Is the latest contretemps between Hone Harawira and the other Maori Party MPs the beginning of the end of the party?
Did the Maori Party’s MPs know just how much they were biting off when they decided to take on Hone Harawira?
Maybe not, because the strife now surrounding the party has the potential to tear it apart.
There wasn’t anything very different in what he said but it was the last straw for his colleagues.
This situation is partly the familiar problem small parties have when they sign coalition or support agreements with Labour or National.
To get some of the things they want, they have to go along with most of the Government’s agenda. . .
Sharples and Turia live in the real world of parliamentary politics.
This is the conundrum which faces all the wee parties. They can go into coalition and get something or stay in opposition and get nothing.
That is the real world of parliamentary politics and it’s a hard one.

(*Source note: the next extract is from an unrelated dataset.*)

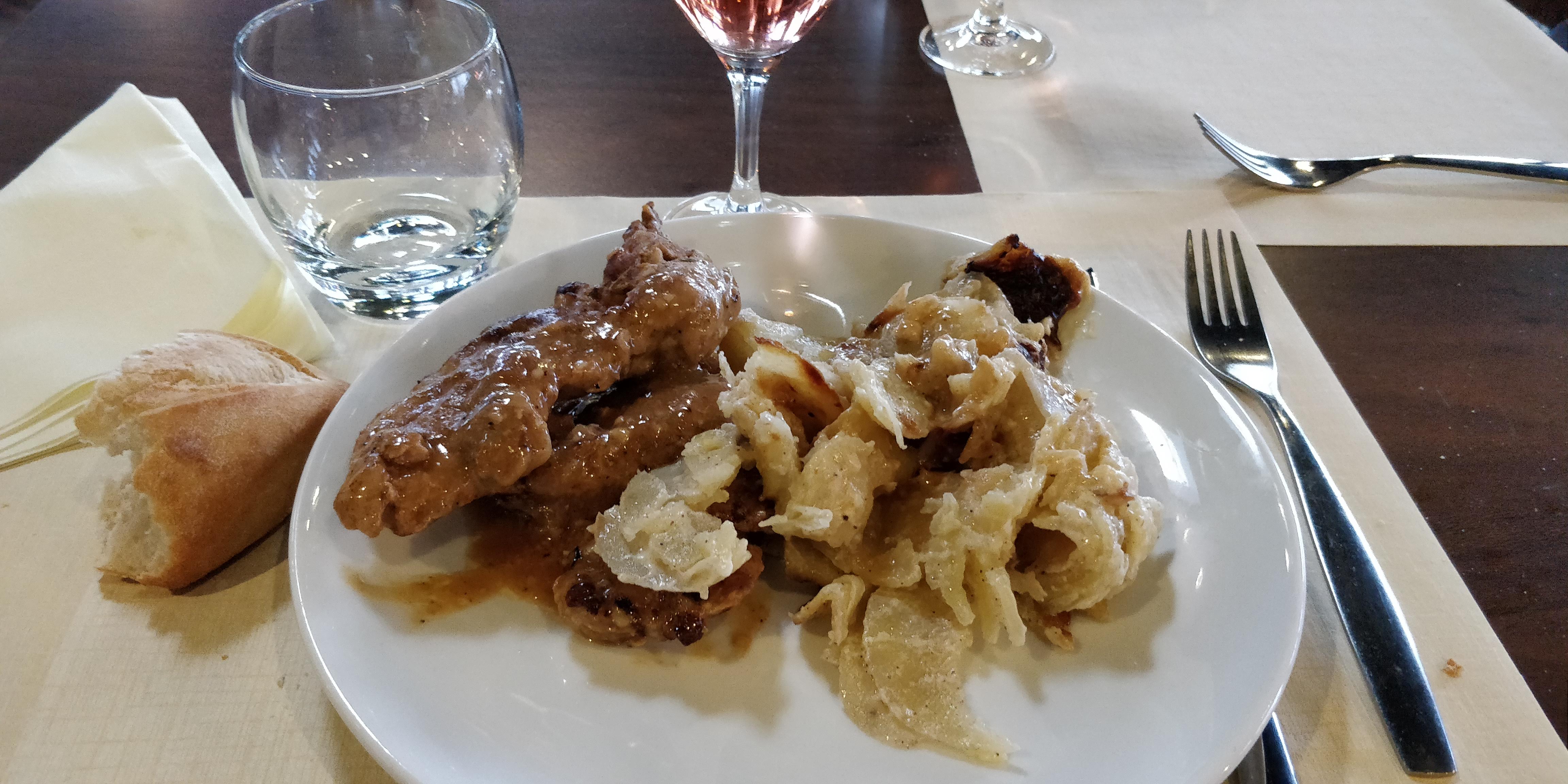 Un peu déçu du repas. Repas du dimanche à 16,50€ avec accompagnement musical par un chanteur, Charlie. L occasion de danser un peu. L animation correct, le service également mais dans l assiette c est pas ça. Wrap de poulet très bourratif, c est dommage le filet de poulet a l intérieur du wrap était moelleux. Tranche de gigot d agneau rosée accompagnée de flageolets. Le bon point du repas. Et en dessert une mousse abricot qui aurait eu besoin d un compagnon croquant. Vin et café compris

A party which doesn’t do enough in its supporters’ view faces internal ructions. One which does too much is seen to be the tail wagging the dog, upsets the wider electorate and pays for it at the next election.
Big parties’ supporters become frustrated by the constraints of coalition politics too. But bigger parties achieve more in government than wee ones and have enough support to survive in opposition.
So far no wee parties which have been in government have survived opposition.
So what do they do – accept something in government in the knowledge it might kill them or stay in opposition where they achieve nothing?